Use a cheap model for execution. Each step is a small, focused task. Using Claude Sonnet for execution (when Haiku would suffice) wastes money. Reserve the expensive model for planning, where quality matters most.
| Architecture | Planning | Execution | Best For | Weakness |
|---|---|---|---|---|
| Plan-and-Execute | Upfront full plan | Sequential step execution | Well-defined multi-step tasks | Poor plan propagates; no mid-plan adaptation |
| ReAct | One step at a time | Interleaved with reasoning | Exploratory, unknown state | Reasoning drift over many steps |
| Hierarchical (planner + executor) | High-level subgoals | Executor sub-plans each subgoal | Complex long-horizon tasks | Coordination overhead |
| Reflection loop | Plan, reflect, replan | Execute revised plan | Quality-critical tasks | High token cost |
The key engineering choice in plan-and-execute is how to represent the plan.
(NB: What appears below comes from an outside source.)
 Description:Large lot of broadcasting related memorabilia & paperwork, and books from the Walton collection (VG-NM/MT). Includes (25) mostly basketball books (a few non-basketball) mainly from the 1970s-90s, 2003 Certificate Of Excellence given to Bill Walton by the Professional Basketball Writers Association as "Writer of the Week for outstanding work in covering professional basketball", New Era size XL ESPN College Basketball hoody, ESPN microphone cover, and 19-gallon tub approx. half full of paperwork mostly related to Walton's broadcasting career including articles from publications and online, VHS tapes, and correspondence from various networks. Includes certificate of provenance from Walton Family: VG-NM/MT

A flat ordered list works for simple sequential tasks. For tasks with dependencies and parallelism opportunities, a directed acyclic graph (DAG) representation is superior -- it allows the executor to identify independent steps and run them concurrently. Represent the plan as a JSON object with steps, dependencies, and status fields so it can be serialised for checkpointing and resumed after failures without re-running completed steps.
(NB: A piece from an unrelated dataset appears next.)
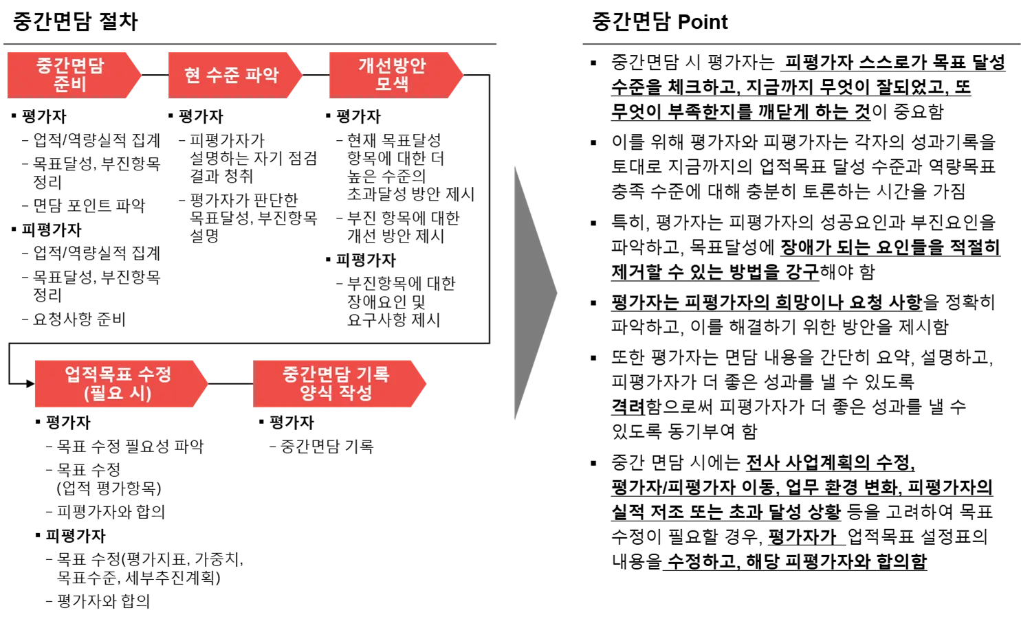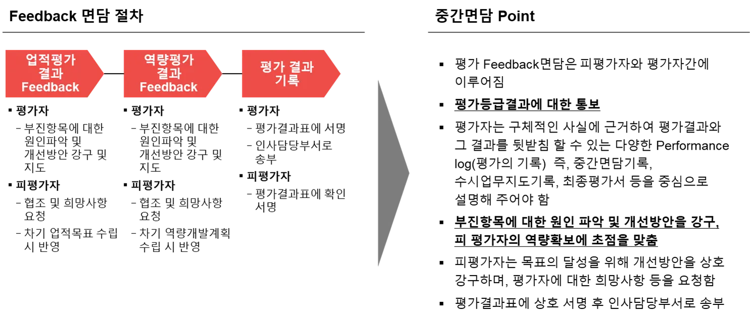 업적 및 역량 중간 면담을 통해 계획 대비 진척도 등을 점검하고, 목표달성에 장애가 되는 요인을 제거하는 방안을 강구합니다.

Invest in plan quality evaluation as a separate metric from task completion quality. Have an LLM judge rate generated plans on three dimensions: completeness (does the plan cover all necessary steps?), feasibility (can each step realistically be executed with available tools?), and efficiency (does the plan avoid redundant steps?). Plans that score below threshold on any dimension should trigger a replan before execution begins, not after a costly failed execution run.
The plan-and-execute pattern separates reasoning from action, which provides a key debugging advantage: you can inspect the plan before execution begins and catch logical errors early. In multi-step workflows where errors compound — an incorrect intermediate result corrupts all downstream steps — front-loading the planning phase and validating the plan structure before any tools are called dramatically reduces wasted API calls and time.
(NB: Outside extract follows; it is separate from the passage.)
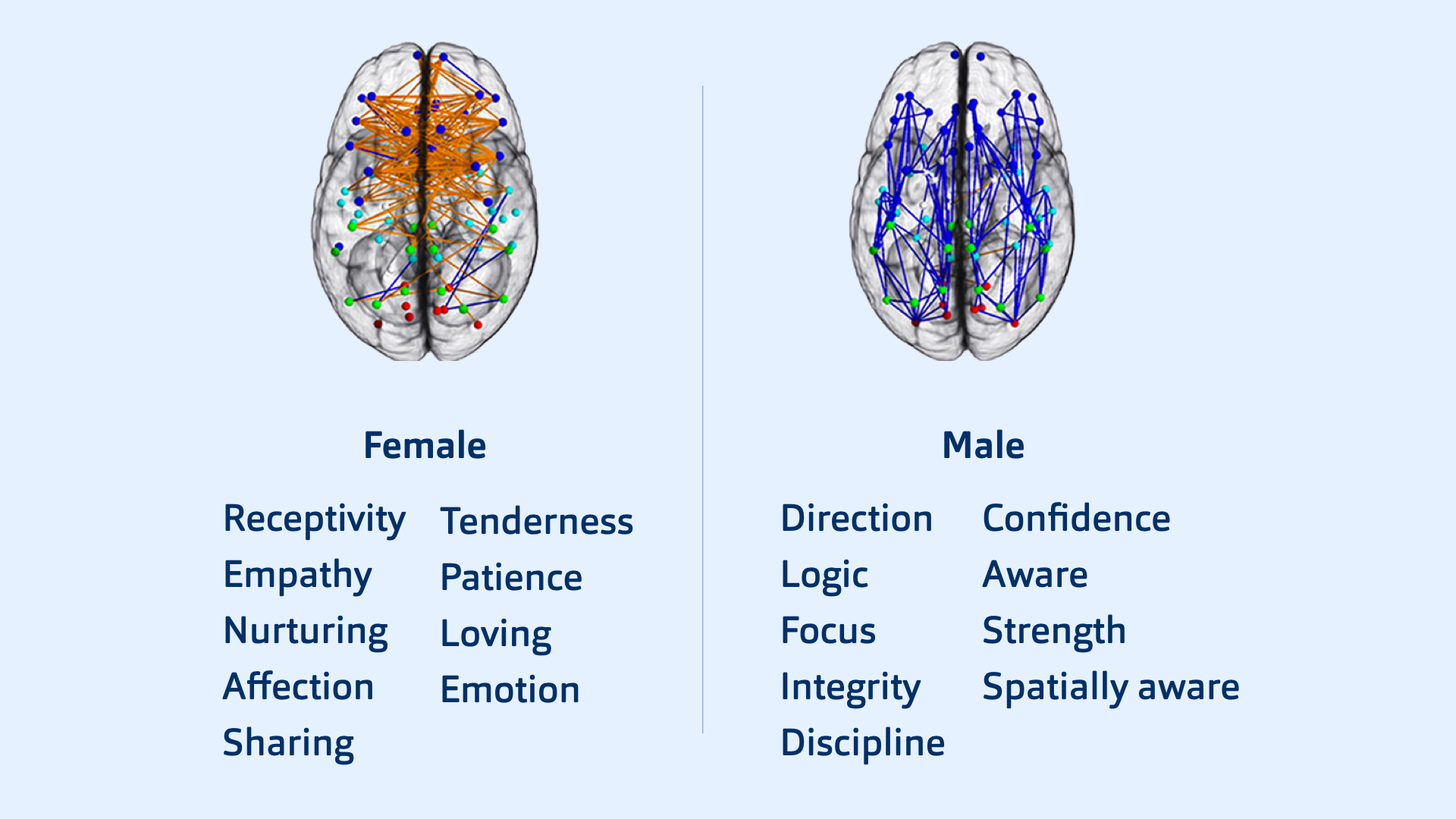 The common traits for the female brain is to be better at social skills – they are more empathetic, caring, loving and emotional. This makes them more attracted to things like teaching, medicine and care work. The male brain however is more focused, confident, and stronger, and better at spacial awareness, which makes them more suited to leadership roles. Except when you go through the traits of the male and female brain, how many of you exclusively relate to either of the columns? Probably not very many of you, and the latest research supports this.

Dynamic re-planning is the critical enhancement that makes plan-and-execute practical for real-world tasks. A static plan generated upfront cannot anticipate every possible outcome of intermediate steps. When an execution step returns an unexpected result — a tool call fails, an API returns empty data, or a sub-task turns out to be more complex than anticipated — the agent must update the remaining plan to account for the new information. This feedback loop between execution results and plan revision is what distinguishes robust agents from brittle ones.